В настоящее время Константиновское укрепление играет уже совсем не ту роль, какую выполнял Новороссийск в составе береговой линии: теперь оно замыкает у моря нашу укрепленную линию, которая отграничила земли покорных нам натухайцев от земель немирных еще шапсугов, а до линии собственно береговой, еще не возобновляемой, оно не имеет непосредственного отношения. Вот от той башни, что виднеется справа от укрепления, по довольно торной дороге, можно теперь без особых опасностей прокатиться в экипаже среди живописнейшей природы до Суровской переправы на Кубани, причем на пути будут встречаться такие же сторожевые башни и два укрепления — Крымское и Адогумское.

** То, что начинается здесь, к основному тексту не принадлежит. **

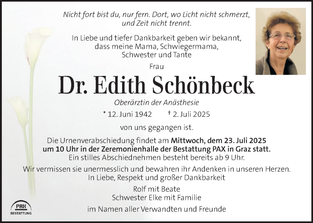 Hier finden Sie alle Traueranzeigen aus der Zeitung, die bisher für Edith Schönbeck erschienen sind. Weitere Traueranzeigen, die in der Zeitung erscheinen, werden hier ebenfalls aufgelistet
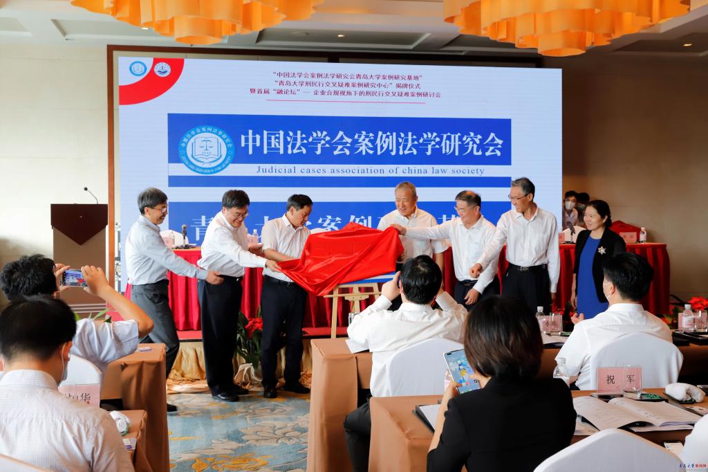 梁欣宣讀青島基地成立決定。胡云騰、夏東偉、梁欣、李方民、孫友昌、萬振東、牛傳勇共同為中國法學會案例法學研究會青島大學案例研究基地和青島大學刑民行交叉疑難案例研究中心揭牌。
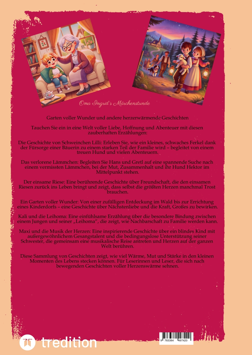 Ein Garten voller Wunder und andere herzerwärmende GeschichtenTauchen Sie ein in eine Welt voller Liebe, Hoffnung und Abenteuer mit diesen zauberhaften Erzählungen:Die Geschichte von Schweinchen Lilli: Erleben Sie, wie ein kleines, schwaches Ferkel dank der Fürsorge einer Bäuerin zu einem starken Teil der Familie wird - begleitet von einem treuen Hund und vielen Abenteuern.Das verlorene Lämmchen: Begleiten Sie Hans und Gretl auf eine spannende Suche nach einem vermissten Lämmchen, bei der Mut, Zusammenhalt und ihr Hund Hektor im Mittelpunkt stehen.Der einsame Riese: Eine berührende Geschichte über Freundschaft, die den einsamen Riesen zurück ins Leben bringt und zeigt, dass selbst die größten Herzen manchmal Trost brauchen.Ein Garten voller Wunder: Von einer zufälligen Entdeckung im Wald bis zur Errichtung eines Kinderdorfs - eine Geschichte über Nächstenliebe und die Kraft, Großes zu bewirken.Kali und die Leihoma: Eine einfühlsame Erzählung über die besondere Bindung zwischen einem Jungen und seiner "Leihoma", die zeigt, wie Nachbarschaft zu Familie werden kann.Maxi und die Musik der Herzen: Eine inspirierende Geschichte über ein blindes Kind mit außergewöhnlichem Gesangstalent und die bedingungslose Unterstützung seiner Schwester, die gemeinsam eine musikalische Reise antreten und Herzen auf der ganzen Welt berühren.Diese Sammlung von Geschichten zeigt, wie viel Wärme, Mut und Stärke in den kleinen Momenten des Lebens stecken können. Für Leserinnen und Leser, die sich nach bewegenden Geschichten voller Herzenswärme sehnen.

Этим путем обезопасен для нас один из благодатнейших уголков Западного Кавказа, и при нынешнем мирном настроении его жителей — натухайцев, он мог бы уже сделаться предметом изыскания для ученых, равно и для развлечения туристов, которые ищут впечатлений местности, еще не опошлившейся от всякого рода наблюдательных взглядов. Но ни о тех, ни о других пока здесь ничего еще не слышно, и, по всей вероятности, для тех и для других равно необходим комфорт при наблюдениях, на который здесь плохо надеяться.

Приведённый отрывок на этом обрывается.